The learning is about finding at each node the join-probability distribution of all incoming edges. This is done by counting the observed values of A, B and C and then update the joint probability distribution table at NodeC.

Once we have the probability distribution table at every node, then we can compute the probability of any hidden node (output variable) from the observed nodes (input variables) by using the Bayes rule.

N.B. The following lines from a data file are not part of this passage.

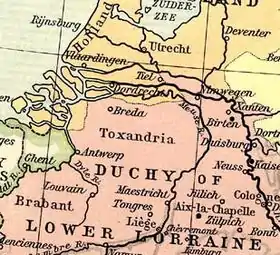 ![]() Toxandria en un mapa de Europa Central (919-1125) | ||
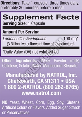 Properties and benefits of Acidophilus Probiotic 100 mg by Natrol:
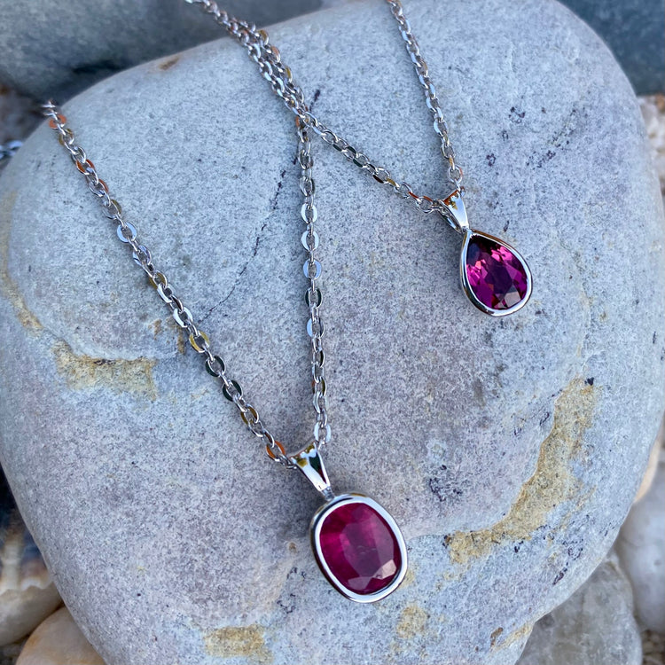Two vibrant pink tourmaline stones sparkle in these simple and elegant bezel set pendants.  Stones are set in sterling silver and hung from 18" silver cable chains.  Choose from smaller .74 carat teardrop pendant or larger 1.03 carat oval pendant.  Tourmaline is the birthstone for October.  Contact us for other length chains.
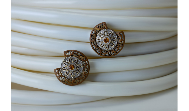 Inspired by the Konark Sun Temple, the stylised spherical earrings employ wood, gold, natural white sapphires, and citrine.
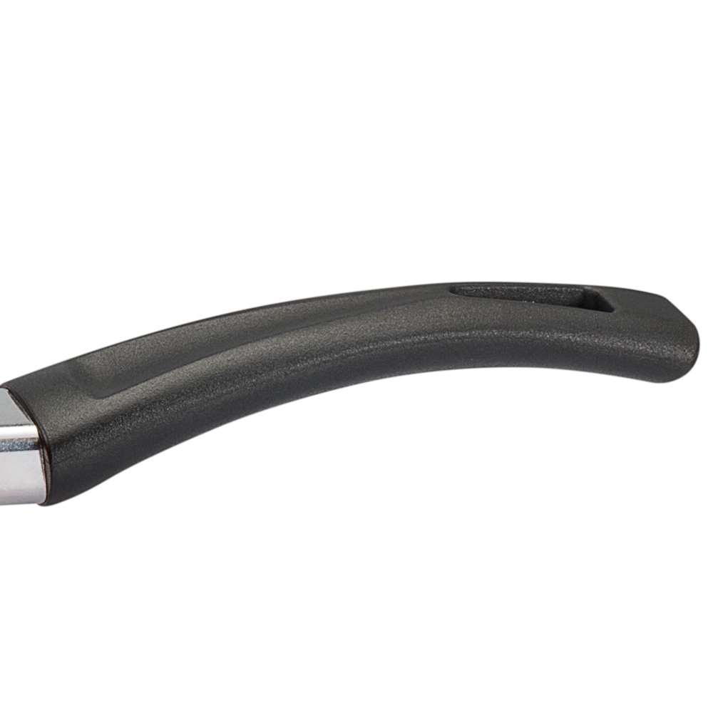 A base em alumínio distribui o calor de maneira uniforme, garantindo cozimento por igual. O cabo em baquelite antitérmico oferece segurança e conforto durante o manuseio.
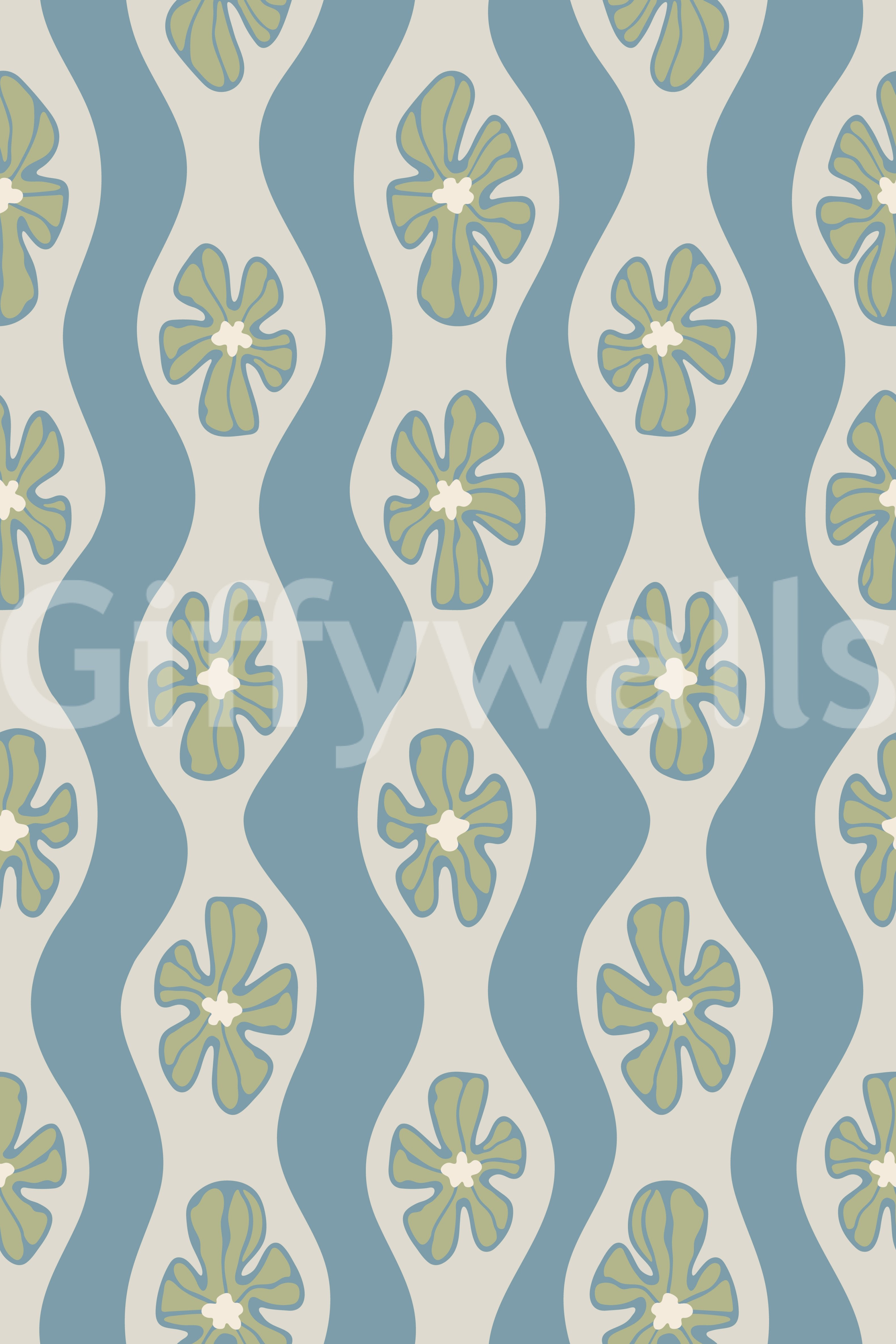 Transport yourself to a breezy cottage with this retro floral and wavy striped wallpaper. The Mid Century Modern influence is evident in the playful, abstract floral motifs rendered in soft, muted sage green and light gray, on a soft light blue background. Wavy stripes create a subtle sense of movement, lending a touch of whimsy to the design. This wallpaper evokes a feeling of calm and serenity, perfect for creating a relaxing and inviting atmosphere in any room. The cottagecore palette and flowing lines make it a charming addition to a vintage-inspired or contemporary space. This pattern design is also available in Other Colourways too! Original wallpaper pattern design by Jackie Tahara of UnBlink Studio.

The strength of Bayesian network is it is highly scalable and can learn incrementally because all we do is to count the observed variables and update the probability distribution table. Similar to Neural Network, Bayesian network expects all data to be binary, categorical variable will need to be transformed into multiple binary variable as described above. Numeric variable is generally not a good fit for Bayesian network.

Support Vector Machine

Support Vector Machine takes numeric input and binary output. It is based on finding a linear plane with maximum margin to separate two class of output. Categorical input can be turned into numeric input as before and categorical output can be modeled as multiple binary output.

With a different lost function, SVM can also do regression (called SVR). I haven't used this myself so I can't talk much.

The strength of SVM is it can handle large number of dimensions. With the kernel function, it can handle non-linear relationship as well.

Support Vector Machine

We are not learning a model at all. The idea is to find K similar data point from the training set and use them to interpolate the output value, which is either the majority value for categorical output, or average (or weighted average) for numeric output. K is a tunable parameter which needs to be cross-validated to pick the best value.

Nearest Neighbor require the definition of a distance function which is used to find the nearest neighbor. For numeric input, the common practice is to normalize them by minus the mean and divided by the standard deviation. Euclidean distance is commonly used when the input are independent, otherwise mahalanobis distance (which account for correlation between pairs of input features) should be used instead. For binary attributes, Jaccard distance can be used.

The strength of K nearest neighbor is its simplicity as no model needs to be trained. Incremental learning is automatic when more data arrives (and old data can be deleted as well). Data, however, needs to be organized in a distance-aware tree such that finding the nearest neighbor is O(logN) rather than O(N). On the other hand, the weakness of KNN is it doesn't handle high number of dimensions well. Also, the weighting of different factors needs to be hand tuned (by cross-validation on different weighting combination) and can be a very tedious process.